▶ Problem details
The material below holds the lines to copy: from the one with "配線孔あり ■天板:木目ナチュラル【OAテーブル・ミーテイングテーブル】- 足立・葛飾店" up to and including the one with "Layered Faux Pearl Leg Chain Harness". Copy them exactly and skip the pictures.
***** Entries shown
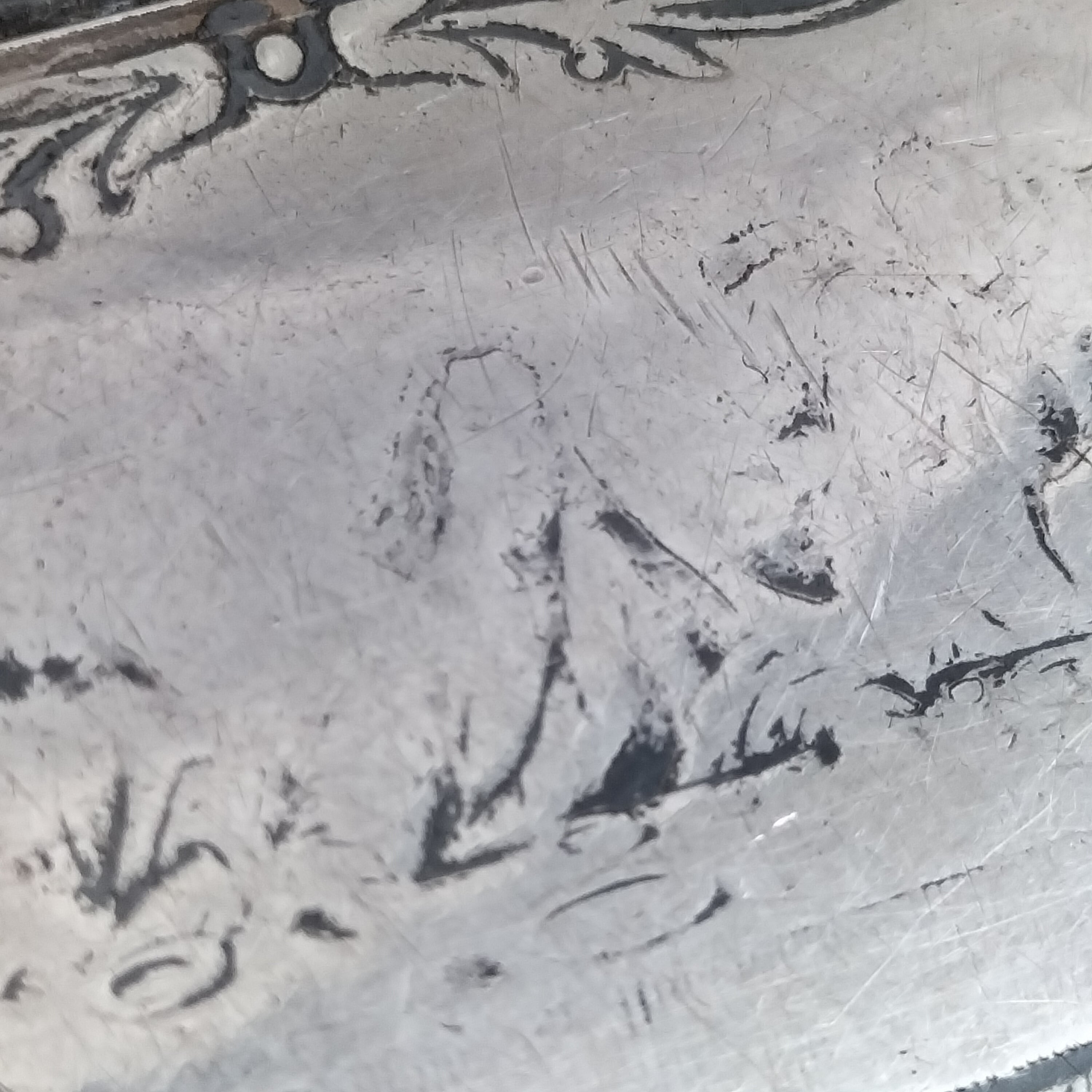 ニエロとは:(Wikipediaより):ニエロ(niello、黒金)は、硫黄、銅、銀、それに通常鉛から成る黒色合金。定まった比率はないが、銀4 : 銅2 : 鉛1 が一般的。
**********
***** Entries shown
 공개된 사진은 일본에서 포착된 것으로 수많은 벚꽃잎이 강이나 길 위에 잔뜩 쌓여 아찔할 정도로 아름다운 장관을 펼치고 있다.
**********
***** Entries shown
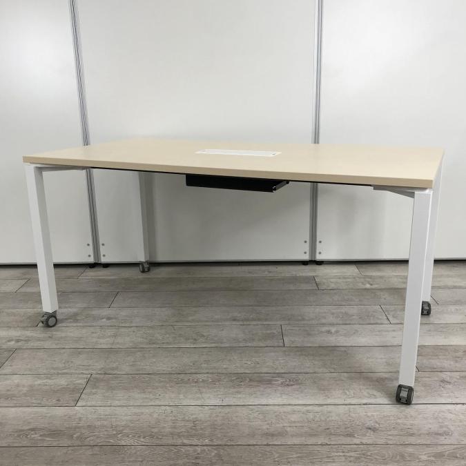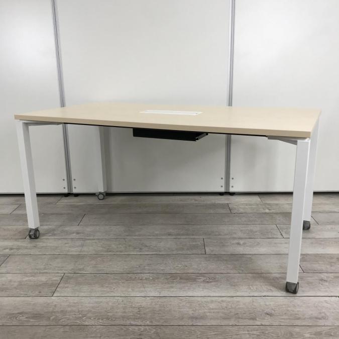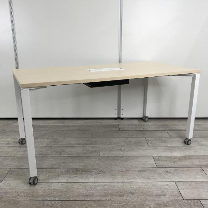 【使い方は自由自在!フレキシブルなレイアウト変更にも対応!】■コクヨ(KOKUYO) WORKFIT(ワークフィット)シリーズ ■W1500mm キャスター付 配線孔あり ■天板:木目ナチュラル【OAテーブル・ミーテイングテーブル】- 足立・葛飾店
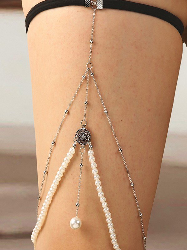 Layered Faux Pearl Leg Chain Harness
**********
▶ Written answer
 【使い方は自由自在!フレキシブルなレイアウト変更にも対応!】■コクヨ(KOKUYO) WORKFIT(ワークフィット)シリーズ ■W1500mm キャスター付 配線孔あり ■天板:木目ナチュラル【OAテーブル・ミーテイングテーブル】- 足立・葛飾店
 Layered Faux Pearl Leg Chain Harness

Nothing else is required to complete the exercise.